Wong et al. (1979) showed plant stomata could maintain a constant
Ci/Ca ratio across a wide range of environmental conditions,
including the water stress condition. Land-surface models might simulate
relatively constant Ci/Ca ratios under water stress as well
since photosynthesis and stomatal conductance are theoretically depicted
based on experimental results. Moreover, Luo and Mooney (1996) found that
changing the Ci/Ca ratio from 0.6 to 0.8 caused a variation of
less than 0.08 in the sensitivity of leaf photosynthesis to a unit of
increase in Ca. Kc and Ko are variable among species,
but only slightly affect leaf-level response (Luo and Mooney, 1996).

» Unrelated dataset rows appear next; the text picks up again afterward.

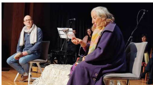
(In)quietude das Palavras Saramago, o Homem por detrás das palavras!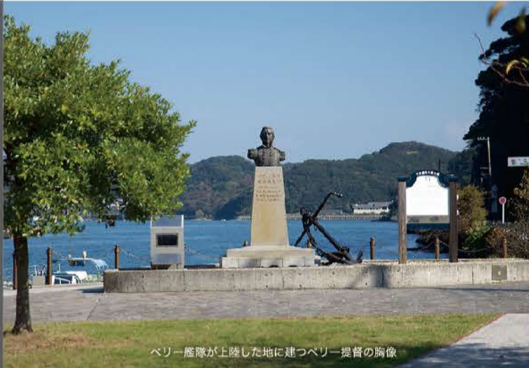
ペリー艦隊が上陸した地に建つペリー提督の胸像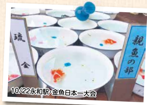
10/22永和駅・金魚日本一大会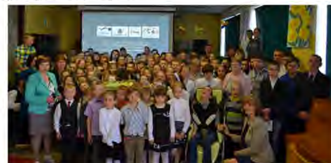
Projekta noslēguma pasākums

Projektu finansē Eiropas Savienības Mūžizglītības programma.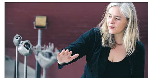
DE FØRSTE udgaver af båden er udført i bronze i størrelsesforholdet 1:40.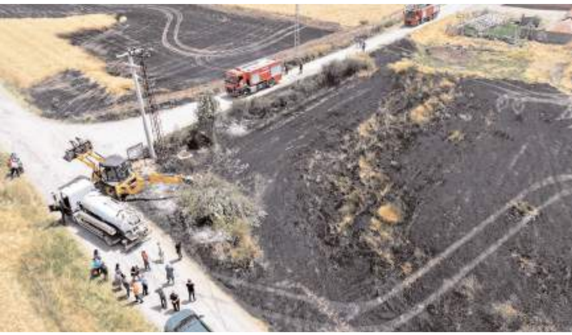
Yangında 31 dönüm ekili arazi ile 600 saman balyası ve meyvelik kül oldu.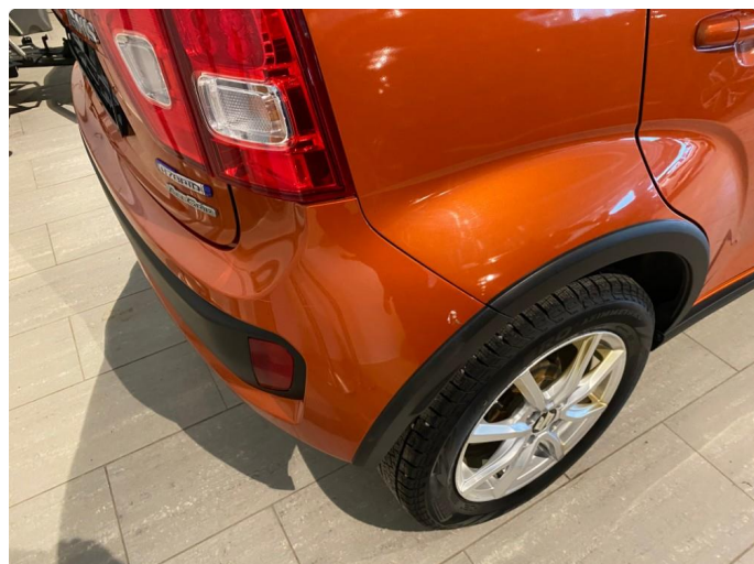
1.1 Steinsprut, merke fanger foran/bak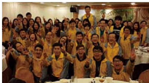
建業建築聖誕聯歡會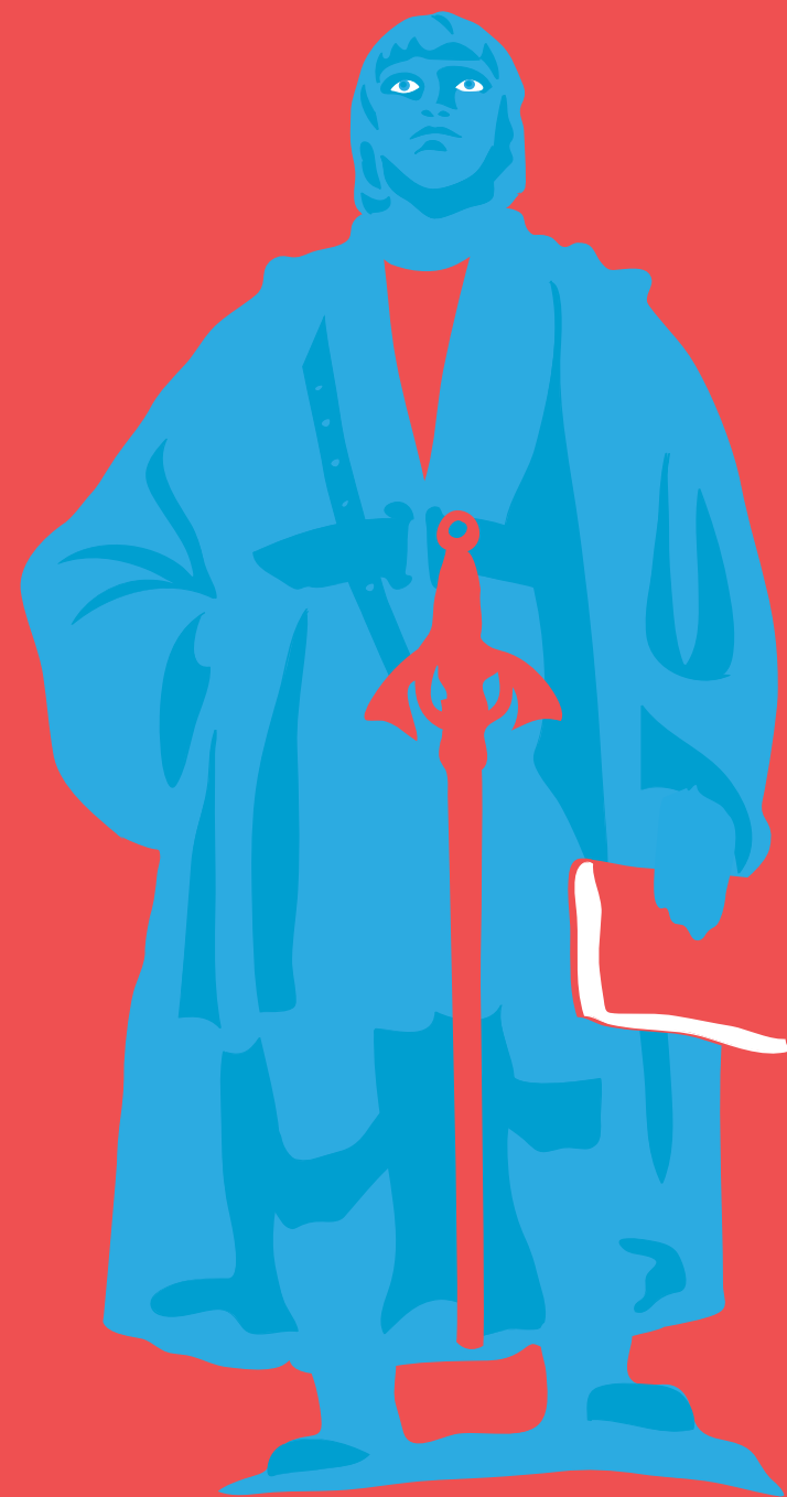
JOÃO GONÇALVES ZARCO FRANCISCO FRANCO

Different leaf temperature will exert a limited influence on the variability
of leaf-level β, as we discussed above. Therefore, leaf-level β
values for different C3 PFTs are more likely to converge in other
land-surface models.
A recent study used 16 crop models to simulate rice yield at two FACE sites
(Hasegawa et al., 2017). These models have diverse representations of primary
productivity. Their results showed that the variation of yield response
across models was not much associated with model structure or magnitude of
primary photosynthetic response to eCO2, but was
significantly related to the estimations of leaf area. This is consistent
with our conclusion and highlights the great need to improve prognostic LAI
modeling. Other land-surface modeling groups may benefit from a similar
analysis to identify major causes of variability of β across the
hierarchical levels from biochemistry to land carbon storage. Candidate
causes that can make substantial contributions to the variability include
changes in leaf area index, changes in carbon use efficiency and changes in
land carbon residence times. If modeling groups can add leaf-level
diagnostics in the next inter-model comparison project, it will greatly help
disentangle the uncertainty of concentration–carbon feedback.